"(my column was distributed on AOL in those days) identifying Time Warner as one of two shorts of that year."
By: meatloaf Reply To: 20976 by xcit Thursday, 18 May 2000 at 1:08 PM EDT Post # of 21738
Thx 4 the post, XC. You know, that reference to EBITDA, while sensible, might draw a little flack, but let me share with you a little experience on this issue.
Around this time in 1997 (May-June), Time Warner started reporting its operating results in this fashion (pre-interest due to the crushing level of debt Time Warner had, and pre-amortizatn due to its equally big number). I thought I was pretty hot shot analytically so I published a piece (my column was distributed on AOL in those days) identifying Time Warner as one of two shorts of that year. In fact, that was the lead-in my production manager wrote for that day's syndicated article.
I had genuinely thought that I had uniquely identified an accounting flaw when in fact what was really identified was a more relevant method to convey operating results to the investment community. Since Ziasun has no long term debt, an EBITDA reporting appears even more meaningful.

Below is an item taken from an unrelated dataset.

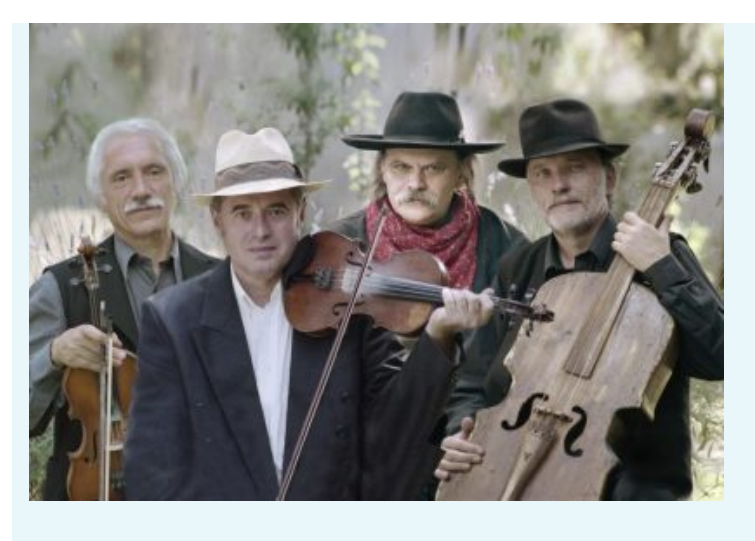
Muzsikás – Hungarian folk music ensemble

Here's the real experience bad news (if memory of stock price serves correctly): The stock was around $45 / share at that time. But it went on to split 2-for-1, and now sells for $82, which means anyone who went short by borrowing 1,000 shares at $45,000 was now short 2,000 shares and "upside-down" on that trade by more 100 grand.
Not one of my better calls, however, before the heat turns up on this format of ZSUN reporting operating results, beware that there is some compelling market precedent for this.